Over the past year, there’s been an explosion of AI-assisted coding tools — Github Copilot, Codeium, and Cursor. Large language models (LLMs) have been applied for a variety of use cases for dev tools — debugging, generating code, data analysis, and more. However, one application that I’ve been particularly interested in is code search, particularly over large enterprise-scale codebases. For me personally, the most annoying part of coding has always been onboarding onto a new codebase and keeping track of the system in my head to figure out where to make my desired changes. I’ve seen a bunch of articles comparing the different code assistants, but I was curious whether any of the new AI-first code search tools were an improvement over plain old Github search.

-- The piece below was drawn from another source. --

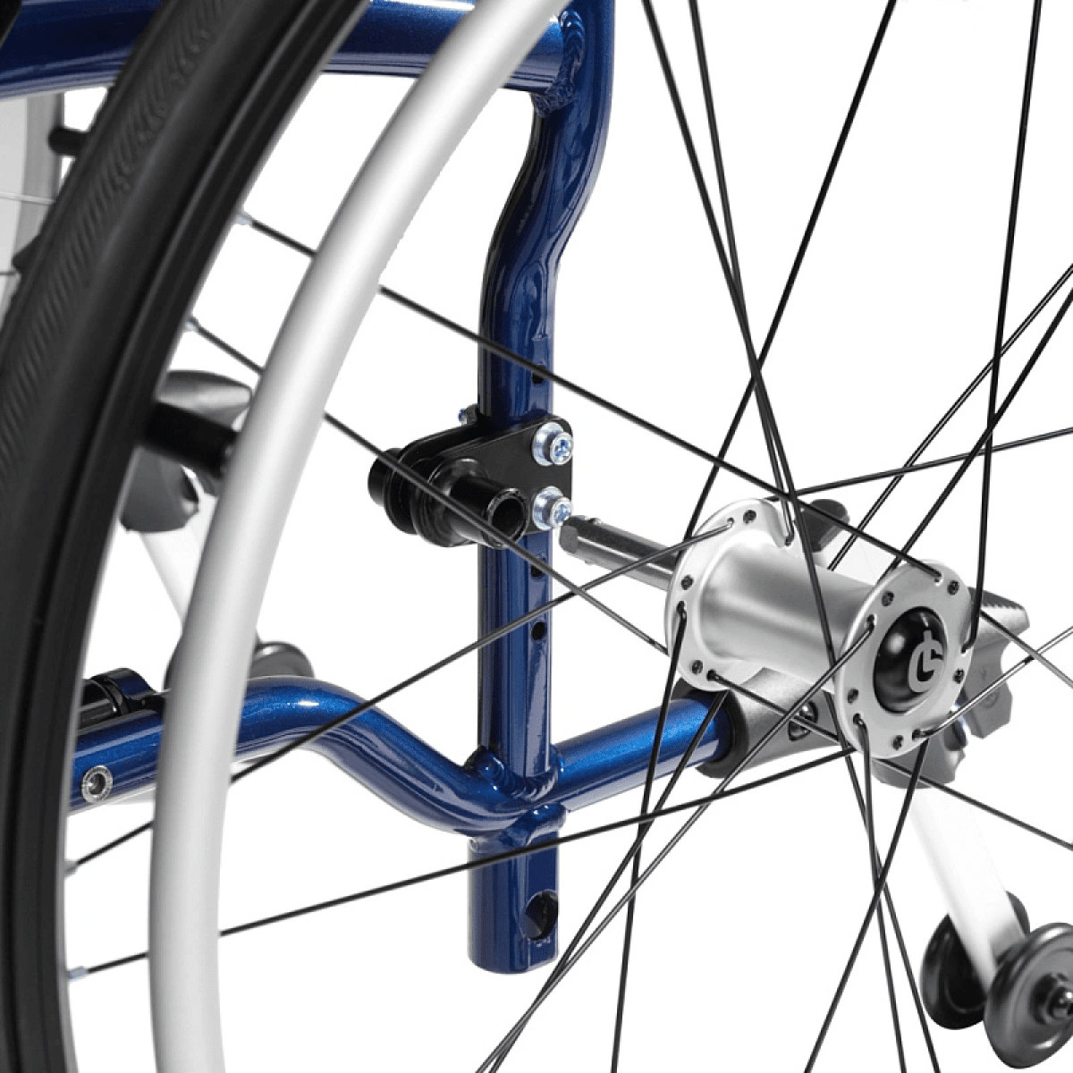 - Быстросъёмные задние колёса регулируются по вертикали и по горизонтали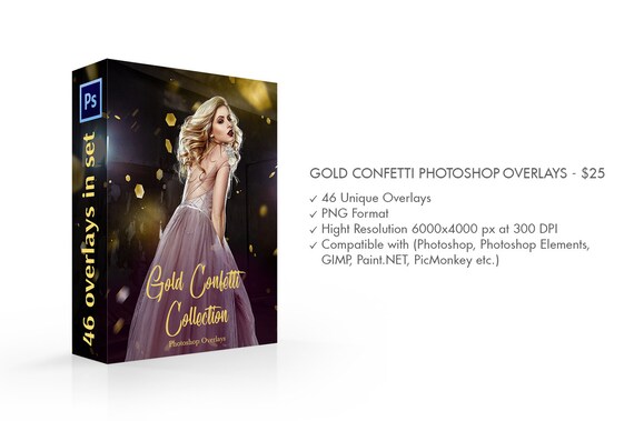 Gold Confetti Photoshop Overlay Photoshop Overlays Photo Etsy

In this blog post, I’ll be comparing 3 distinct AI-first code search tools I recently came across: Cody (developed by late-stage startup, Sourcegraph), SeaGOAT (an open-source project that was trending on HN last week), and Bloop (an early-stage YC startup). I’ll be evaluating them along the dimensions of user-friendliness as well as their accuracy.
However, before I delve into the comparison, let me quickly touch on why code search is different than code generation.
Code search requires effectively retrieving all of the relevant files/snippets, rather than generating one of many correct answers. If you were to ask ChatGPT to generate a Tic-Tac-Toe game, many different versions of code will produce a functioning game. On the other hand, if you’re searching a codebase for “all of the files that interface with the database,” you would expect the tool to exhaustively retrieve all of the relevant files/snippets of code.
In addition, code search tools need to index the entire codebase to effectively search and retrieve relevant snippets of code. If you were to type into ChatGPT, “implement Supabase authentication,” ChatGPT leverages all of the lines of code used in training to generate the implementation code. On the other hand, for search, you need to index the entire codebase to effectively extract the correct snippets from a project. Including the entire codebase in the prompt is not an option for most non-hobby projects. Currently, the longest context window for an LLM is approximately 100,000 tokens (courtesy of Anthropic). To put this into perspective within a codebase context, companies like Square and Google have millions of lines of code. To get around this, most code search tools will pre-index the codebase with a vector DB to quickly find the relevant code snippets.
This was an open-source repo I saw trending on Hacker News. It seemed promising — a local-first semantic search engine. While the other code search tools are proxying OpenAI’s or other LLM providers’ servers, I liked that this was running the model fully locally on my machine. However, I found that the semantic search did a poor job of pulling relevant snippets. For example, for the query “Where do I implement authentication?”, it pulled everything from a correct
payment-wrapper file to random library files. Ultimately, while I appreciated the fact that it was local-first and open-source, I found that its precision was too poor to be useful — each query returned pages of irrelevant content where 3 files/snippets would have been more helpful.
This is a new product by the late-stage code search startup Sourcegraph. I found the setup to be a little bit confusing — I had to download a VSCode extension and a separate Desktop app, as well as sign up for a Sourcegraph account. In the Desktop app, I could then select which Github repos (public or private) to index.
In terms of accuracy, it did a good job of both understanding my queries & extracting relevant snippets (e.g. correctly identifying the relevant components when asked “Where is the Stripe integration for payments”).
However, it falls prey to the classic LLM hallucination issue — when asked where the code checks if a user has signed in for checkout, it responds with a snippet that does not exist. Similarly, when asked for all of the relevant files that interface with a database, it hallucinates several files that do not exist in the project.
From a UX perspective, this was my favorite tool — it had a simple onboarding experience (OAuth through Github) and also linked the relevant files in its responses so I could easily expand beyond the response to delve into the code. While it did not have a VSCode extension, I found the Desktop app easy enough to use. I also found that it did a much better job at not hallucinating responses — correctly identifying the list of files that interface with the database as well as that there were no user sign-in checks during the checkout process.
For me, my favorite was Bloop — it did a better job of not hallucinating, and I preferred the UX. As an aside, I found that using this in combination with Github Copilot or Perplexity was a little bit frustrating — I’m constantly switching between different tools for the same project. I keep wishing for one tool that can wrap all of this functionality and context within one entry point. I've been exploring some of these ideas in Lightrail, but it doesn't include code search (as we discussed, that's a more complex challenge than code generation). Nevertheless, I'm excited about the possibilities in the field. Thanks for reading so far - I'd love to hear your thoughts and ideas on this!